Starting with the line that has "Die ÖBB 1116" and finishing with the line that has "(*) يكون للناقة.", set down each line below exactly. Pictures are not copied.

◆ ◆ ◆ ◆ ◆

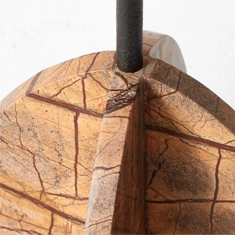 Mermelada Estudio mixes metal and marble to create this unexpected side table. Taking design elements from the French industrial and Cubist movements, cast aluminum top contrasts with a curved marble base. Quarried in India, polished Brown Forest marble is known for its striking orange and tonal grey veining, giving the piece a refined look. CB2 exclusive.
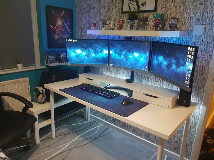 Если у вас уже есть угловой стол или угловая тумба под телевизор, вы можете превратить его в компьютерный стол, подобный этому.
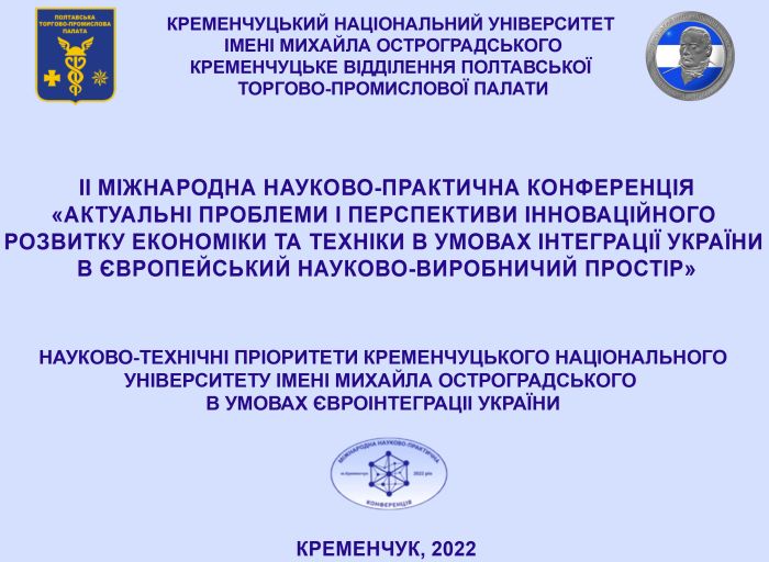 9 червня 2022 року на базі Кременчуцького відділення Полтавської ТПП відбулася ІІ Міжнародна науково-практична конференція "Актуальні проблеми та перспективи інноваційного розвитку економіки і техніки в умовах інтеграції України в Європейський науково-виробничий простір" (посвідчення про реєстрацію в УкрІНТЕІ № 905 від 08.11.2021 р.).
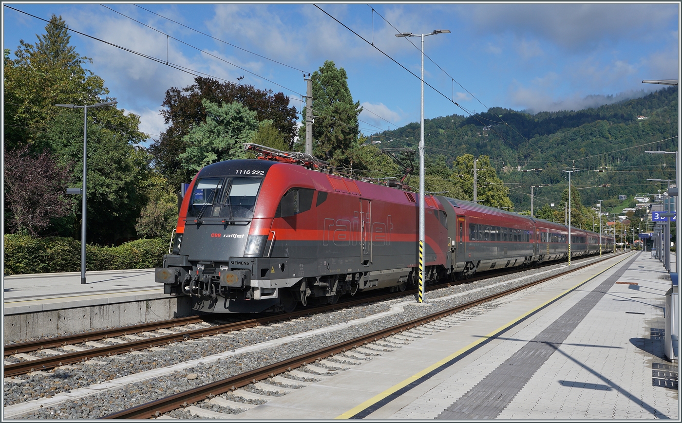 Die ÖBB 1116 098 rangiert mit ihrem RJ im Bahnhof von Bregenz. 15. Sept. 2024
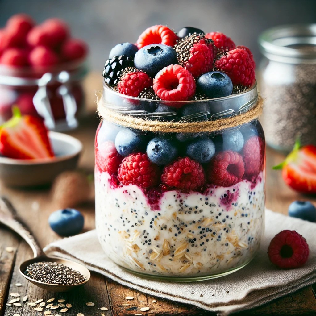 Overnight oats with berries is a nutritious, easy-to-make breakfast that’s perfect for busy mornings. Prepared the night before, these oats become soft and creamy by morning, absorbing the flavours of almond milk and honey. Topped with a colourful mix of berries, including strawberries, blueberries, and raspberries, this breakfast is not only visually appealing but also packed with antioxidants, fibre, and protein to keep you energised throughout the day. With a touch of chia seeds for added nutrients, this breakfast offers a balance of sweetness and freshness, ideal for a healthy start.
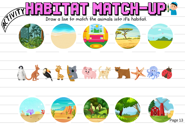 Discover where animals live and thrive! This 14-page ebook introduces kids to different habitats, filled with colorful illustrations and fun facts — making learning about nature exciting, simple, and educational.
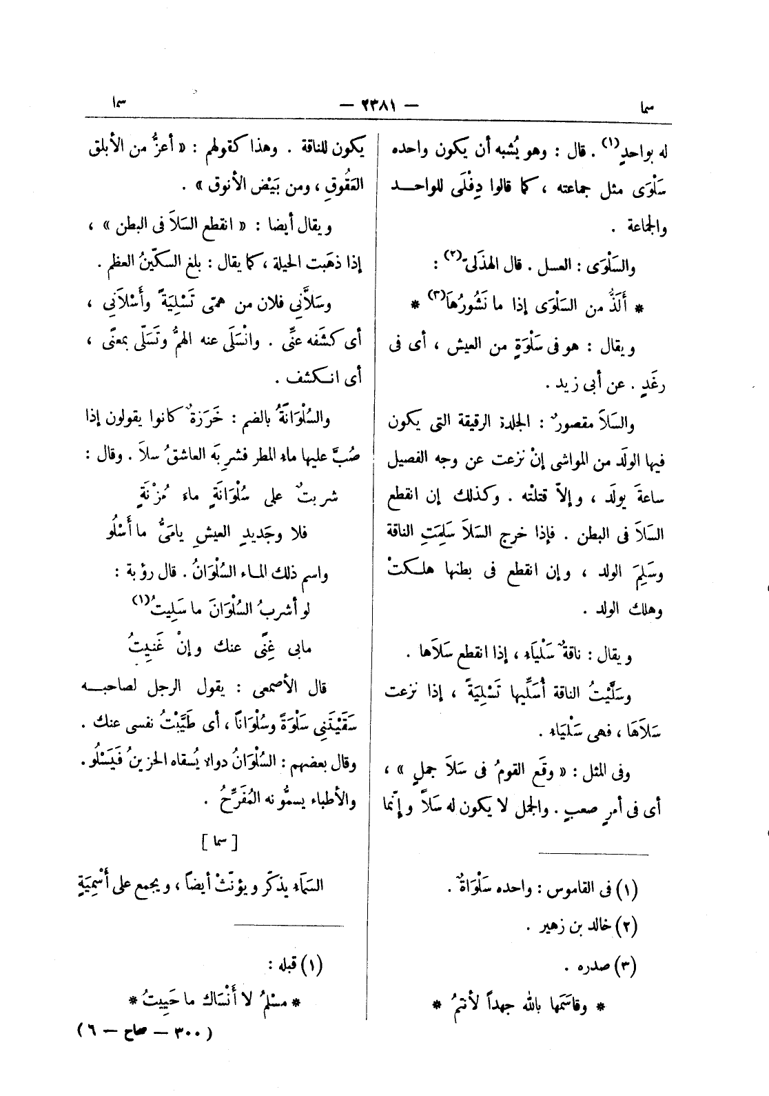 (*) يكون للناقة. وهذا كقولهم: " أعز من الابلق العقوق، ومن بيض الانوق ". ويقال أيضاً: " انقطع السَلا في البطن "، إذا ذهَبت الحيلة، كما يقال: بلغ السكين العظم. وسلانى فلان من همّي تَسْلِيَةً وأَسْلاني، أي كشَفه عنِّي. وانْسَلى عنه الهمُّ وتَسَلّى بمعنىً، أي انكشف. والسُلْوانَةُ بالضم: خَرَزةٌ كانوا يقولون إذا صب عليها ماء المطر فشر به العاشقُ سلا. وقال: شربت على سُلْوانَةٍ ماَء مُزْنَةٍ * فلا وجَديدِ العيش يامى ما أسلو واسم ذلك الماء السُلْوانُ. قال رؤبة: لو أشربُ السُلْوانَ ما سَليتُ (¬1) * ما بي غِنىً عنك وإنْ غَنِيتُ قال الأصمعي: يقول الرجل لصاحبه سَقَيْتَني سَلْوَةً وسُلْواناً، أي طَيَّبْتَ نفسي عنك. وقال بعضهم: السُلْوانُ دواءٌ يُسقاه الحزينُ فيسلو. والاطباء يسمونه المفرح.
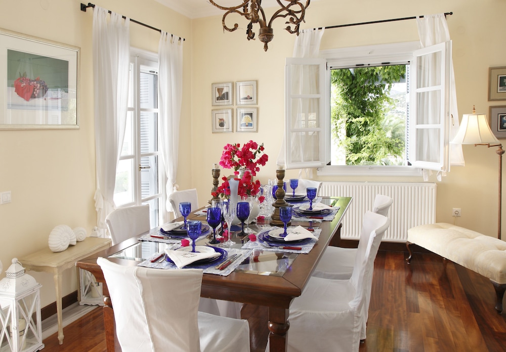 Denna villa ligger i Syros nära flygplatsen, en fem minuters bilfärd från och Geniko Nosokomio Sirou "Vardakio kai Proio" och Neorion Elefsis skeppsvarv. Denna villa med familjevänlig profil ligger 4,6 km från Finikas strand och 5 km från Syros stadshus. Slå dig till ro i den här luftkonditionerade villan, som har privat pool och platt-tv. Din säng har en bäddmadrass och egyptiska bomullslakan. Det finns en privat balkong eller terrass. Köket är utrustat med en stor kyl med frys, en ugn och en spishäll. Gratis wi-fi gör att du kan hålla dig uppkopplad. Avstånd avrundas till närmsta decimal.

◆ ◆ ◆ ◆ ◆

*Solution*:
 Die ÖBB 1116 098 rangiert mit ihrem RJ im Bahnhof von Bregenz. 15. Sept. 2024
 Overnight oats with berries is a nutritious, easy-to-make breakfast that’s perfect for busy mornings. Prepared the night before, these oats become soft and creamy by morning, absorbing the flavours of almond milk and honey. Topped with a colourful mix of berries, including strawberries, blueberries, and raspberries, this breakfast is not only visually appealing but also packed with antioxidants, fibre, and protein to keep you energised throughout the day. With a touch of chia seeds for added nutrients, this breakfast offers a balance of sweetness and freshness, ideal for a healthy start.
 Discover where animals live and thrive! This 14-page ebook introduces kids to different habitats, filled with colorful illustrations and fun facts — making learning about nature exciting, simple, and educational.
 (*) يكون للناقة. وهذا كقولهم: " أعز من الابلق العقوق، ومن بيض الانوق ". ويقال أيضاً: " انقطع السَلا في البطن "، إذا ذهَبت الحيلة، كما يقال: بلغ السكين العظم. وسلانى فلان من همّي تَسْلِيَةً وأَسْلاني، أي كشَفه عنِّي. وانْسَلى عنه الهمُّ وتَسَلّى بمعنىً، أي انكشف. والسُلْوانَةُ بالضم: خَرَزةٌ كانوا يقولون إذا صب عليها ماء المطر فشر به العاشقُ سلا. وقال: شربت على سُلْوانَةٍ ماَء مُزْنَةٍ * فلا وجَديدِ العيش يامى ما أسلو واسم ذلك الماء السُلْوانُ. قال رؤبة: لو أشربُ السُلْوانَ ما سَليتُ (¬1) * ما بي غِنىً عنك وإنْ غَنِيتُ قال الأصمعي: يقول الرجل لصاحبه سَقَيْتَني سَلْوَةً وسُلْواناً، أي طَيَّبْتَ نفسي عنك. وقال بعضهم: السُلْوانُ دواءٌ يُسقاه الحزينُ فيسلو. والاطباء يسمونه المفرح.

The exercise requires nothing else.